On Thu, Sep 12, 2013 at 04:39:33PM +0000, Alexander Harrowell wrote:
> I'm currently trying to recover an ext4 filesystem. Last night, during
> a resize operation, the system (Ubuntu 12.04 LTS on my fix-stuff usb
> stick) locked up hard and eventually crashed. Restarting,
> unsurprisingly, gparted offered to check the volume. e2fsck, called
> from within gparted, replayed the journal overnight and completed the
> resize.

How big was this file system?  And it sounds like you were doing an
on-line resize (that is, the file system was mounted at the time when
you did the resize)?  There were some bugs there with file file
systems with block numbers > 32-bits (i.e., greater than 16TB).  But
for smaller file systems, online resize should have been fairly safe.
Certainly I'm not aware of any bugs that resulted in the system
locking up hard.

> and now comes the interesting bit - at some point, block 16777215
> starts to appear more and more often in the inodes, often duplicated,
> until it starts to print out the number 16777215 in a fast loop. in
> fact, it looks like it hits some inode and keeps printing block
> 16777215 to the same very long line (it's generated 500MB of log)

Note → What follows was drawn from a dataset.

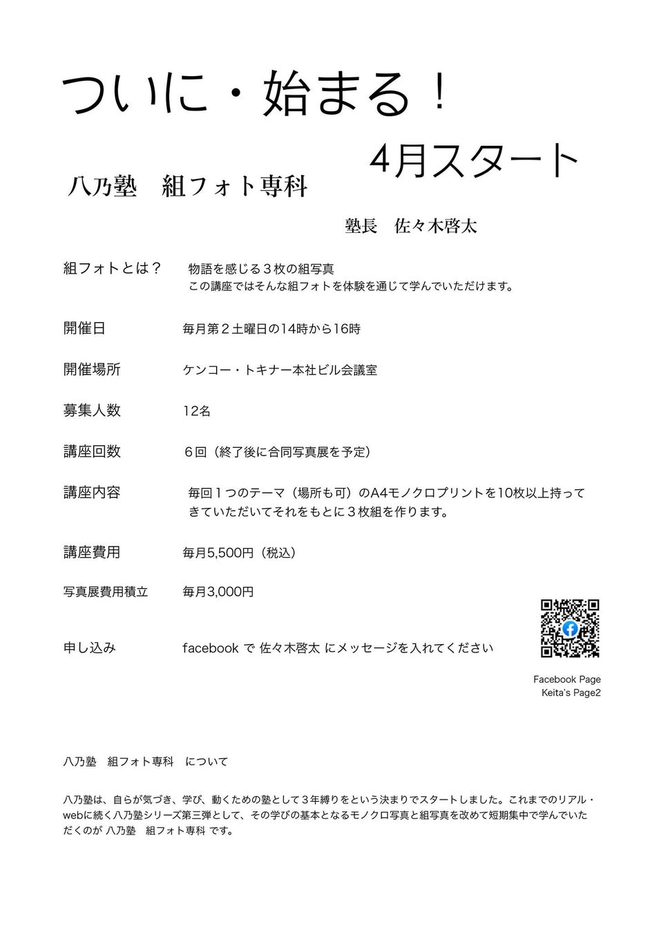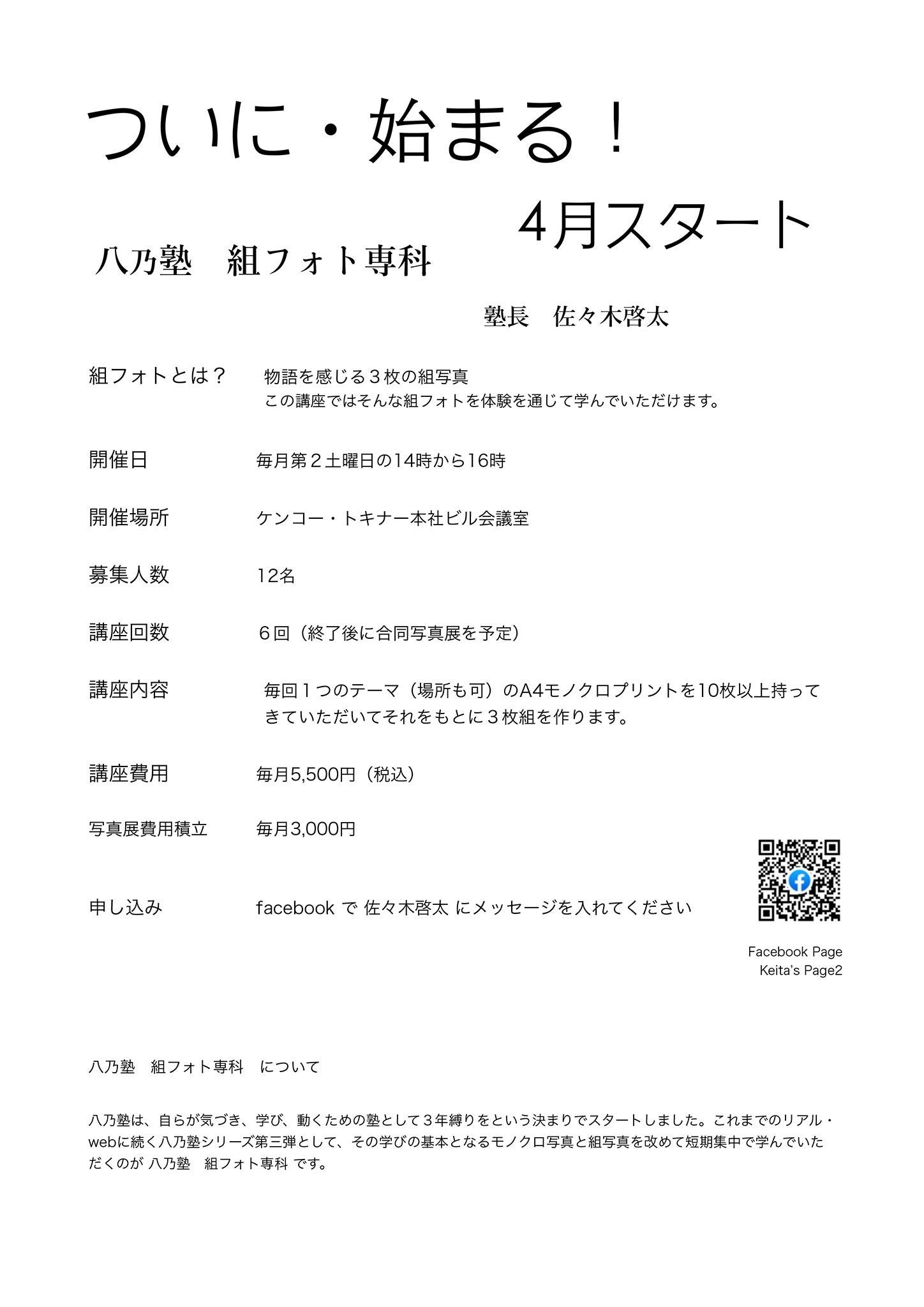 4月9日スタート「八乃塾 組フォト専科」(全6回シリーズ・佐々木啓太先生)

0xFFFFFF or 0x1000000 isn't a magic boundary as far as ext4 is
concerned.  It appears that this is showing up as part of the multiply
claimed blocks error message?  That usually happens because there was
garbage in an indirect block or in the extent tree.

What you might have remembered is that the maximum number of physical
blocks with ext4 is 48 bits, but what you are reporting is 24 bits,
which is something else quite different.

It would help to see a short except of exactly what e2fsck reported,
so we could see whether it is being reported as a logical block number
or a physical block number.  However, I suspect this is really much
more of a symptom rather than the cause.